EXERCISE PROMPT.
What you return must match the listing below exactly, minus any pictures.

─── DATASET EXCERPT

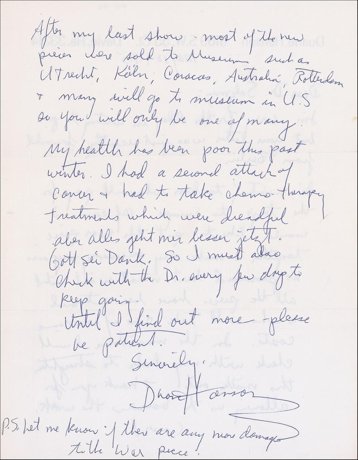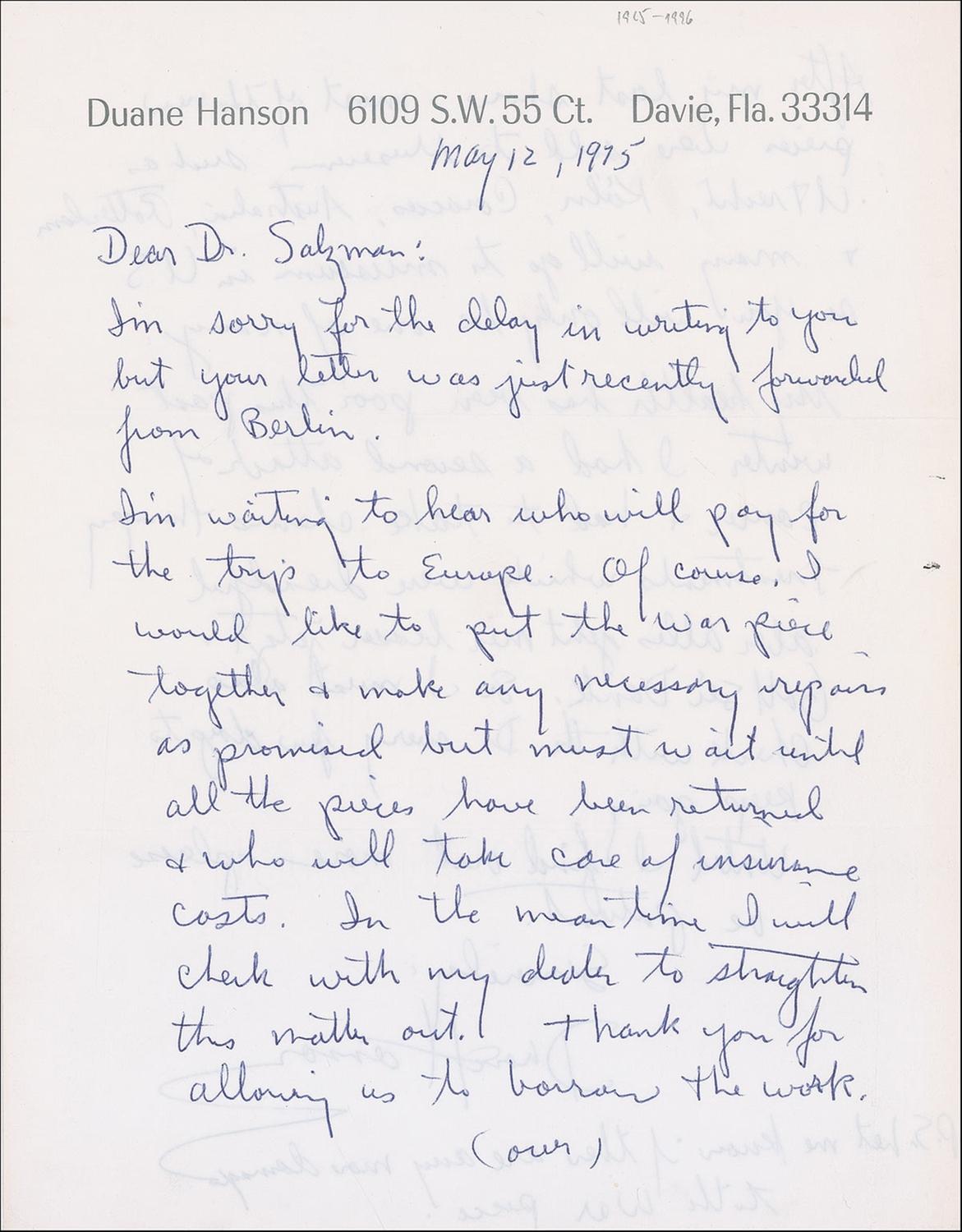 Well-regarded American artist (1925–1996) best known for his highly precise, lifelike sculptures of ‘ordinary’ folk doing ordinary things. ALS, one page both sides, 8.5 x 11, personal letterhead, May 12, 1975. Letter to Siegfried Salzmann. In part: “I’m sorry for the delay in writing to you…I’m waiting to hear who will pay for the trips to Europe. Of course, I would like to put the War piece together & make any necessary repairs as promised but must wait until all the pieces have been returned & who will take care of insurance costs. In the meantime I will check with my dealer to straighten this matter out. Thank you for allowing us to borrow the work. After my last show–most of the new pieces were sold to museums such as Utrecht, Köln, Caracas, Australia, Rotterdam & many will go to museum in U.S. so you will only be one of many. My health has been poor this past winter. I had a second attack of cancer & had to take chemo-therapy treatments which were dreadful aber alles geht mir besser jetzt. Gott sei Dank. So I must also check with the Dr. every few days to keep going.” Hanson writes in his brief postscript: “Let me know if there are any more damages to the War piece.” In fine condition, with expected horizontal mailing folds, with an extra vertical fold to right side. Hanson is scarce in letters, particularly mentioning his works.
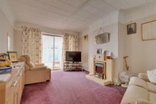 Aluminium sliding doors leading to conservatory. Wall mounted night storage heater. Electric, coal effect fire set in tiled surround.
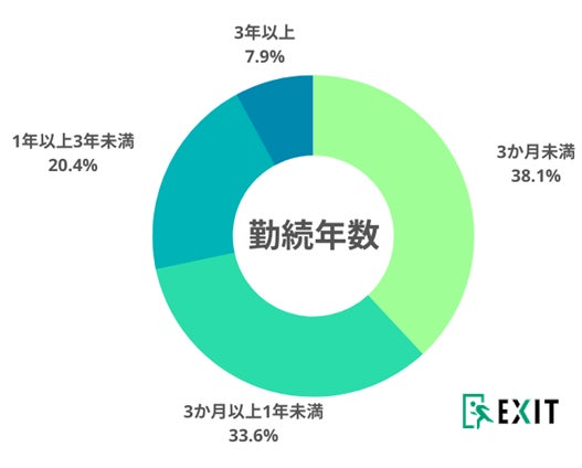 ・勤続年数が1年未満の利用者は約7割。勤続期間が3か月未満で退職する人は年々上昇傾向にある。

──────

SOLUTION.
 Well-regarded American artist (1925–1996) best known for his highly precise, lifelike sculptures of ‘ordinary’ folk doing ordinary things. ALS, one page both sides, 8.5 x 11, personal letterhead, May 12, 1975. Letter to Siegfried Salzmann. In part: “I’m sorry for the delay in writing to you…I’m waiting to hear who will pay for the trips to Europe. Of course, I would like to put the War piece together & make any necessary repairs as promised but must wait until all the pieces have been returned & who will take care of insurance costs. In the meantime I will check with my dealer to straighten this matter out. Thank you for allowing us to borrow the work. After my last show–most of the new pieces were sold to museums such as Utrecht, Köln, Caracas, Australia, Rotterdam & many will go to museum in U.S. so you will only be one of many. My health has been poor this past winter. I had a second attack of cancer & had to take chemo-therapy treatments which were dreadful aber alles geht mir besser jetzt. Gott sei Dank. So I must also check with the Dr. every few days to keep going.” Hanson writes in his brief postscript: “Let me know if there are any more damages to the War piece.” In fine condition, with expected horizontal mailing folds, with an extra vertical fold to right side. Hanson is scarce in letters, particularly mentioning his works.
 Aluminium sliding doors leading to conservatory. Wall mounted night storage heater. Electric, coal effect fire set in tiled surround.
 ・勤続年数が1年未満の利用者は約7割。勤続期間が3か月未満で退職する人は年々上昇傾向にある。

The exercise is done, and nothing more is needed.